Críticas da oposição Líderes de partidos da oposição e do MDB afirmaram nesta sexta-feira que o presidente da República, Jair Bolsonaro, cometeu crime de responsabilidade ao atacar decisão do ministro Luís Roberto Barroso.  Deputados e senadores de PT, PSB, PSOL, Rede, PCdoB, Cidadania e MDB afirmaram, em nota, que no Estado Democrático de Direito são “inadmissíveis” ameaças à “independência do Poder Judiciário”.

Os parlamentares dizem ainda que eventuais inconformismos com decisões judiciais “podem ser manifestados através de críticas, jamais de ameaças ou ações que tenham por objetivo constranger ou intimidar um juiz”. Para os líderes, a decisão do ministro estava de acordo com jurisprudência e que não houve qualquer “inovação ou casuísmo”.

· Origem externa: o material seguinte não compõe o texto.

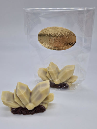 Knuspriger Bergkristall in weißer Schokolade gefüllt mit Haselnussnugat und Knusper

Outras decisões do STF sobre CPIs

2005 – O plenário do STF decidiu por maioria que o então presidente do Senado Federal, Renan Calheiros, deveria designar os nomes dos senadores para compor a CPI dos Bingos. No ano anterior, alguns partidos políticos não haviam indicado representantes para a comissão.

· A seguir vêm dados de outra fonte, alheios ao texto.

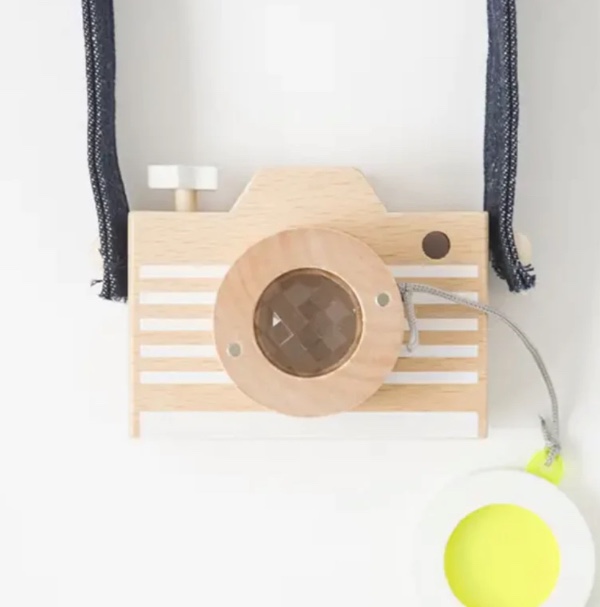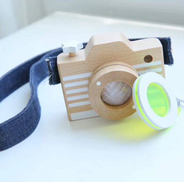 1 beech wood camera with a colored lens (acrylic, removable), two denim straps (denim, acrylic tape).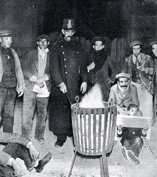 Hubo veces en que se sacaron a relucir por casos de fuerza mayor, como cuando se prohibió en 1909 dormir a los mendigos en el asilo Tovar para evitar infecciones. También se disponían con motivo de otro momento bastante menos dramático: El sorteo de Navidad. La noche del 21 al 22 de diciembre era habitual que los golfos guardasen cola para vender su puesto a los que querían por la mañana ver el sorteo. Está costumbre vivía entre la ilegalidad y la permisión y, aunque no se pudiese ejercer este comercio, las autoridades acababan haciendo la vista gorda. Eran bastantes veces los comerciantes los que corrían con los gastos de leña, carbón y cafés para los que pernoctaban a la espera de que diesen las ocho de la mañana para que se abriese el salón del sorteo y ceder el sitio al espectador de turno, e incluso en 1915 las estufas (generalmente eran dos) las proporcionó un fumista de la calle Claudio Coello [12]. El año anterior el que se dio una vuelta por la cola fue el mismísimo Eduardo Dato, que acabó repartiendo cigarrillos y dinero a los setenta individuos que se encontraban allí.

2014 – A ministra Rosa Weber determinou a instalação de uma CPI exclusiva da Petrobras, destacando o direito das minorias. Naquele caso, a Presidência do Senado Federal era favorável à instalação de uma CPI, mas com objeto amplo. Rosa Weber atendeu a pedido de parlamentares da oposição, que queriam ter garantido o direito de uma comissão específica para investigar denúncias sobre a estatal.

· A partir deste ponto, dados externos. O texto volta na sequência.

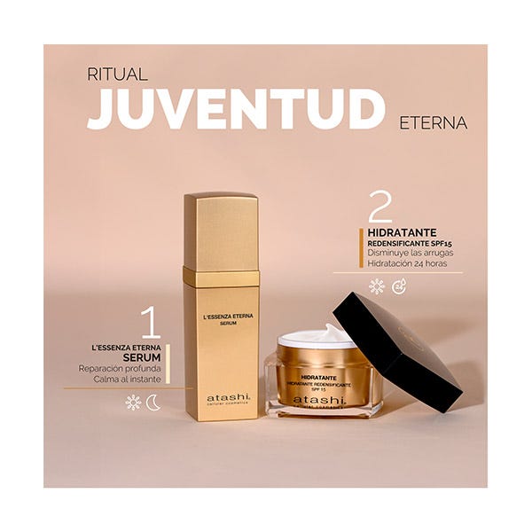 Sérum L'Essenza Eterna 30ml + Crema hidratante redensificante SPF15 50ml + Neceser.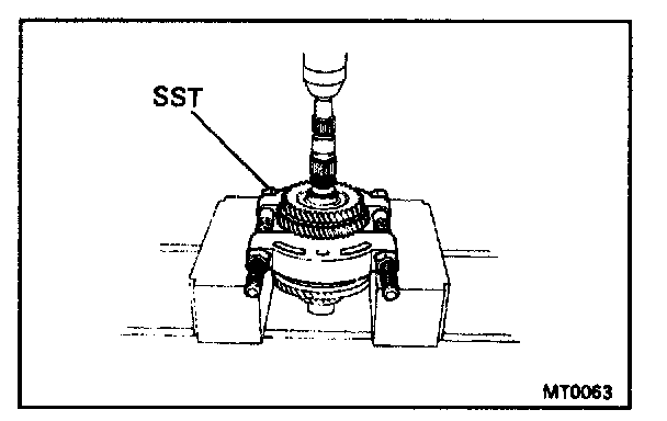 a. Using SST and a press, remove the rear ball bearing and 4th driven gear.

2006 – Plenário do STF derrubou trechos do regimento interno da Assembleia Legislativa de São Paulo que condicionavam a criação de uma CPI à aprovação do requerimento pelo plenário. Os ministros entenderam que as condições impostas eram inconstitucionais.

2007 – O Celso de Mello concedeu uma liminar (decisão provisória) determinando que o presidente da Câmara, Arlindo Chinaglia (PT-SP) desarquivasse o requerimento de instalação da CPI do Apagão Aéreo, a pedido de líderes da oposição. Na decisão, Mello reconheceu o direito das minorias de fazer a investigação, argumento para o pedido. O presidente Jair Bolsonaro, na época deputado, pediu durante uma entrevista a intervenção do STF. Onyx Lorenzoni, atual ministro da Secretaria-Geral da Presidência, também apoiou o requerimento.